O 3ºRéu contestou, pugnando por ser «julgada improcedente a presente acção, por não provada».
Fundou a sua defesa, essencialmente, no seguinte: «se no prédio indicado pelos Autores se encontrará implantado “um pavilhão, com a área de cerca de 1.000m2, destinado à guarda de animais/apoio à agricultura/produção agropecuária”, o mesmo não pode ser rústico como consta da respectiva descrição predial do prédio e da respectiva caderneta predial; o “pavilhão” não consta da respectiva descrição predial e não está inscrito na matriz urbana; em 07/04/2003, os Autores já tinham conhecimento que sobre o prédio descrito na Conservatória do Registo Predial sob o número ...57/... já se encontravam construídos uma vacaria e dois barracos para alfaias agrícolas; este prédio foi vendido pelo 3ºRéu ao 2ºRéu, por proposta deste, e a razão de tal decisão de aceitação assentou exclusivamente no facto de o aqui réu ser uma entidade bancária e como tal, não ter o escopo de negócios imobiliários, pelo que adquire (e vende) imóveis apenas quando tal é necessário e imprescindível para reaver os valores dos seus créditos sobre os devedores correspondentes; foi o 2º Réu quem efectuou a marcação da escritura em causa, tendo na oportunidade indicado a existência da licença de utilização nº...00, e o 3ºRéu  tomou como boa esta indicação, não tendo conhecimento que a licença de utilização não diga respeito ao prédio objecto daquela compra; o 3ºRéu não interveio em tais contratos de arrendamento; a licença de utilização ...00 diz respeito, segundo afirmam os autores, ao prédio descrito na Conservatória do Registo Predial sob o número ...26º/..., que foi objecto da venda pelo 3ºRéu à sociedade A..., mas os Autores não põem em causa a validade formal ou substancial deste negócio; não tem utilidade e justificação para os Autores que venha a ser anulada a escritura de compra e venda celebrada entre o 3ºRéu e o 2ºRéu, e que teve como objecto o prédio descrito na Conservatória do Registo Predial sob o nº...57/..., pelo que o pedido de sua anulação configura um abuso de direito.

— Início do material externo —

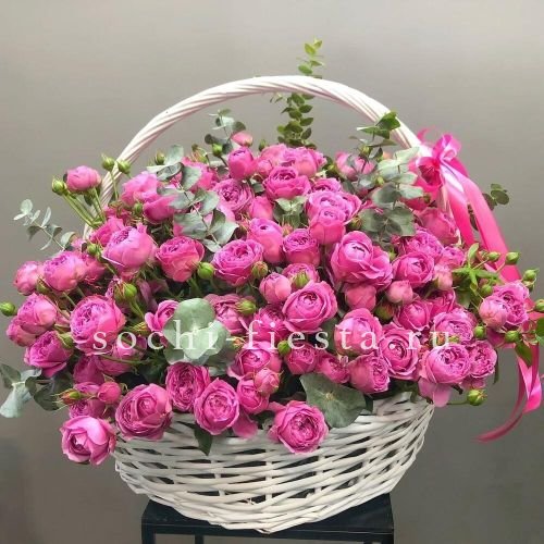 хризантема, кустовая роза, гортензия, белая роза, антиринум, статица, корзина средняя.

Os 1ºRéus e o 2ºRéu contestaram e reconvieram, pugnando por ser «a ação ser julgada não provada e improcedente e por via dela, conhecendo-se das excepções deduzidas: a) Os Réus serem absolvidos da instância; b) Se assim não se entender, serem absolvidos dos pedidos formulados; c) Julgando-se a reconvenção deduzida provada e procedente, deverá declarar-se que os 1.ºs Réus são os donos e legítimos possuidores do prédio misto identificado no artigo 106.º deste articulado; d) Em qualquer caso, deverá condenar-se os Autores como litigantes de má fé numa multa a favor do estado e numa indemnização a favor dos 1.ºs e 2.ºs Réus não inferior a € 20.000,00».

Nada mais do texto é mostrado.